[Mesa-dev] a newbie asking newbie questions

Tue Sep 17 09:25:25 PDT 2013

On 09/17/2013 05:13 AM, Rogovin, Kevin wrote:
> Hello,
> 
>  Thank you for the very fast answers, some more questions:
> 
> 
>> It's not a preference question.  The registers are 8 floats wide.
>> Vertex shaders get invoked 2 vertices at a time, with a register containing these values:
>>
>> .   +------+------+------+------+------+------+------+------+
>> .   | v0.x | v0.y | v0.z | v0.w | v1.x | v1.y | v1.z | v1.w |
>> .   +------+------+------+------+------+------+------+------+
> 
> This seems best to me: run two vertices in each invocation with the hopes that the
> shader compiler will merge (multiple) float, vec2 and maybe even vec3 operations into 
> vec4 operations (does it)?

Not as well as it should.  There's a lot of room for improvement in our
SIMD4x2/vector backend.  We haven't spent a ton of effort optimizing it
since vertex shaders have rarely been the bottleneck in application
performance.

>> while these 8 pixels in screen space:
>>
>> .   +----+----+----+----+
>> .   | p0 | p1 | p2 | p3 |
>> .   +----+----+----+----+
>> .   | p4 | p5 | p6 | p7 |
>> .   +----+----+----+----+
>>
>> are loaded in fragment shader registers as:
>>
>> .   +------+------+------+------+------+------+------+------+
>> .   | p0.x | p1.x | p4.x | p5.x | p2.x | p3.x | p6.x | p7.x |
>> .   +------+------+------+------+------+------+------+------+
>>
>> Note how one register just holds a single channel ('.x' here) of a vector.  A vec4 would take up 4 registers, and to do value0.xyzw * value1.xyzw, you'd emit 4 MULs.
> 
> This is exactly what I was trying to ask/say about the fragment shader running, i.e. n-fragments are processed with 1 n-SIMD command (for i965, n=8),
> sighs my e-mail communications leave something to be desired. 
> Some questions:
>  1) do the fragments need to be in a 4x2 block, or can it be two separate 2x2 blocks?

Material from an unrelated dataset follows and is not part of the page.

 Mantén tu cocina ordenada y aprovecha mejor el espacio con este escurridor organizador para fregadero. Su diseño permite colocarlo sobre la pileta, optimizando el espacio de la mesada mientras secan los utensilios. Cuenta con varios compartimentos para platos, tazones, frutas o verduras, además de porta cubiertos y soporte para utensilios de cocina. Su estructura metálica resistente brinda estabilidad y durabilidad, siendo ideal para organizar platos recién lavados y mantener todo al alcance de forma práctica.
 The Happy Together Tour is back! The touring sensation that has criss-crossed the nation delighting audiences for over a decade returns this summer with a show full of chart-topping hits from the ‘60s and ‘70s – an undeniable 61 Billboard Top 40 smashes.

The GPU processes two separate 2x2 blocks of pixels, which may actually
not be anywhere near each other.

>  2) for tiny triangles for fragment shaders that do not require dFdx, dFdy or fwidth, can the fragments be totally scattered?

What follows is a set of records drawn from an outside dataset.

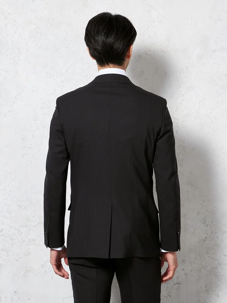【即納】【WEB限定】スーツ2つボタンブラックシャドウストライプ上下ウォッシャブル3シーズン対応
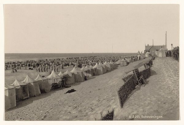 This photograph by Knackstedt & Näther captures a sweeping view of the beach at Zandvoort, but it also offers a glimpse into the social life of its time. The photograph, likely taken in the late 19th or early 20th century, depicts a beach densely populated with figures and bathing machines. This image creates meaning through its depiction of leisure and social gathering. Zandvoort, a coastal town in the Netherlands, was becoming a popular resort destination, and the beach here was a place where social classes mixed, albeit with some separation. The bathing machines, for example, allowed for more private changing and bathing, catering to a sense of modesty and class distinction. To better understand this photograph, we can turn to social histories of leisure, tourism, and the rise of seaside resorts. These resources help us understand how the beach became a site of social interaction and recreation, and how the development of tourism shaped coastal communities like Zandvoort. Through the lens of social history, we can appreciate how this photograph captures a moment in the changing social and cultural landscape of the Netherlands.
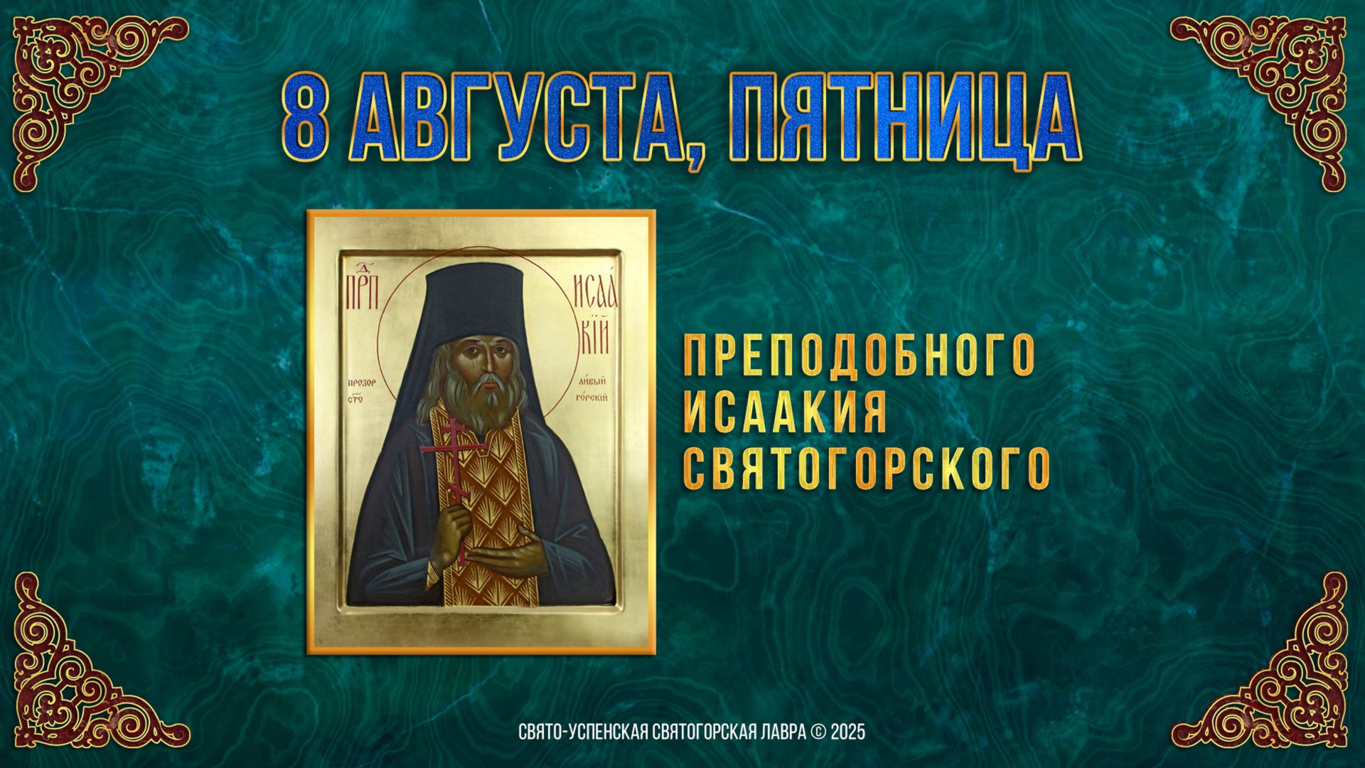 Преподобного Исаакия Святогорского. 8 августа 2025 г. Православный мультимедийный календарь
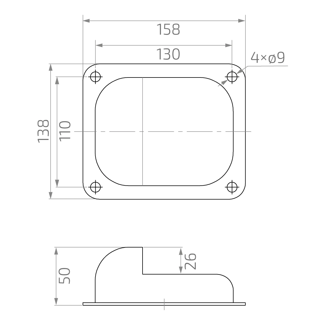 - Abmessungen der Grundplatte: 158 × 138 mm
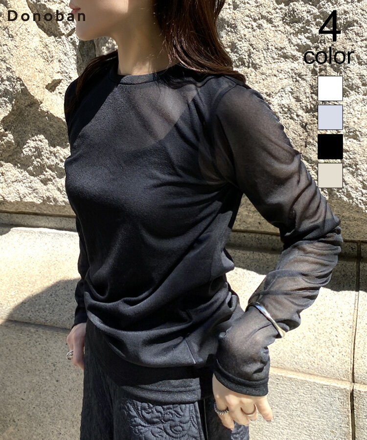 【クーポン利用で4664円!】トップス カットソー レディース 長袖 ロンt クルーネック プルオーバー シアー シースルー レイヤード ゆったり 透け感 日本製 日焼け防止 薄手 Donoban シンプル 大人 重ね着 インナー 体型カバー ドノバン
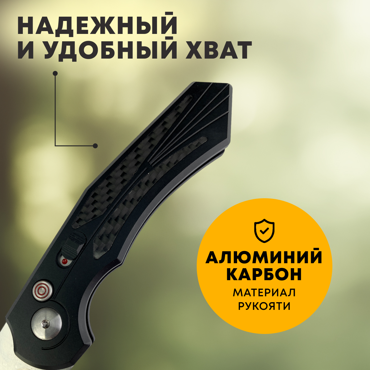 Прочная и легкая рукоять из алюминия и карбонаКарбон Карбон, или углепластик - материал на основе углеродных волокон, залитых полимером. Карбон прочный и упругий, но весьма хрупкий. ПодробнееРукоять изготовлена из алюминия и карбонаКарбон Карбон, или углепластик - материал на основе углеродных волокон, залитых полимером. Карбон прочный и упругий, но весьма хрупкий. Подробнее , что делает ее одновременно прочной и легкой. Благодаря эргономичной форме и рифленым вставкам, нож удобно лежит в руке, обеспечивая надежный хват даже в условиях повышенной влажности или при работе в перчатках.
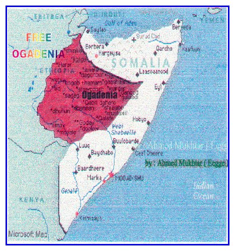 OGADENIA..Is arid upland in south eastern Ethiopia bordered on the north and east by somalia the ogaden population is primarily somali, a muslim people under EVIL ETHIOPIAN COLONY. the region was occupied by ethiopia 1n 1891 and in 1936 was incorporated in the colony of Italian Somali land. In 1941 it was occupied by British, who returned to Ethiopia without consent of ogadenian people who are right full owners of this land in 1948. Since 1960s Somalia was disputed Ethiopia's claim to OGADEN and liberated the OGADEN REGION in 1977-1978. The Soviet union and Cuba started a massive airlift to Ethiopia about 61,000 tons of latest war machinery, where transported to Evil Ethiopia there are also 60,000 Russia and Cuba compat units deployed to Ogaden Land to help the weak Ethiopian army to cutch back the Ogadenia Region. The somalia military was defeated which is disaster for Ogadenian people All people have the right of self-determination. One day Ogadenian people they will get their FREEDOM. Insha'allah !!!!!!!!!!!!!!!!!!!!!!!!!
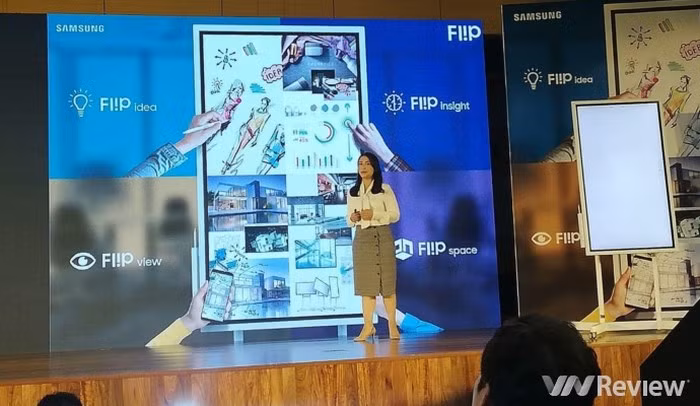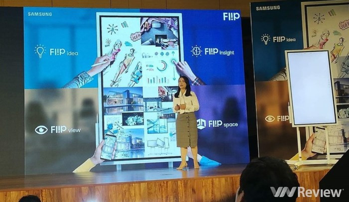 Trong sự kiện ra mắt, Samsung cho biết đây cũng là sản phẩm nằm trong gói sản phẩm "nơi làm việc tương lai" của hãng dành cho mảng doanh nghiệp. Bảng làm việc điện tử Samsung Flip WM55H sẽ cho phép chia sẻ, chú thích, di chuyển và tìm kiếm dễ dàng hơn, cũng như khả năng tạo nhiều nội dung cùng lúc và đàm thoại liên tục. Để tăng tính linh động, Samsung còn tích hợp giá đỡ di động cùng bánh xe, cho phép di chuyển và biến đổi linh hoạt trong không gian hội nghị.
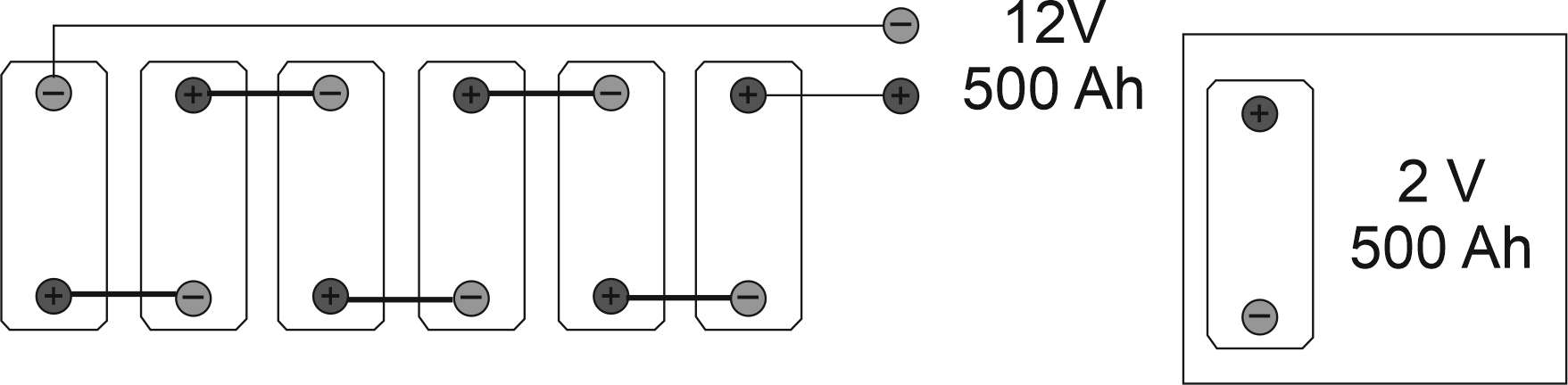 En l’exemple de la figura s’associen 6 bateries de 2 V en sèrie per aconseguir els 12 V nominals d’una instal·lació. La capacitat total no varia (500 Ah).

Nope, the pixel shader always works on 2x2 blocks.

> Along further lines, for non-dependent texture lookups, are there code lines where the derivatives are computed
> analytically so that selecting the correct LOD does not require to process fragments in 2x2 (or larger) blocks? Or does
> the i965 hardware sampler interface does not allow this kind of madness? 
> 
>>> On a related note, where are the beans about the dispatch table?
>> I don't know this one (or particularly what you're asking, I guess).
> 
> Viewing docs/index.html, on the side panel "Developer Topics --> GL
> Dispatch" there is text (broken into sections "1. Complexity of GL
> Dispatch", "2. Overview of Mesa's Implementation" and "3. Optimizations
> " describing how different GL contexts for the same hardware can do
> different things for the same GL function and that mesa has stubs which
> in turn call the "real" function. The documents go on to talk about
> various ways the function tables are filled and accessed across separate
> threads. My questions are:
>  0) is that information text still accurate? In particular, the directory src/glapi is gone from Mesa (atleast what I git cloned) and I thought that was the location of it.
>  1) where/how does the i965 driver fill that table, if it exists?
>  
> Along similar lines, I see that some of the code in src/mesa/main performs various checks of various API calls and at times has some conditions dependent on what context type it is, which kind of contradicts the idea of different context have different dispatch tables [sort of, since the functions might just be the driver magick, where as the stub is validate and then call driver magick]. 
> 
> -Kevin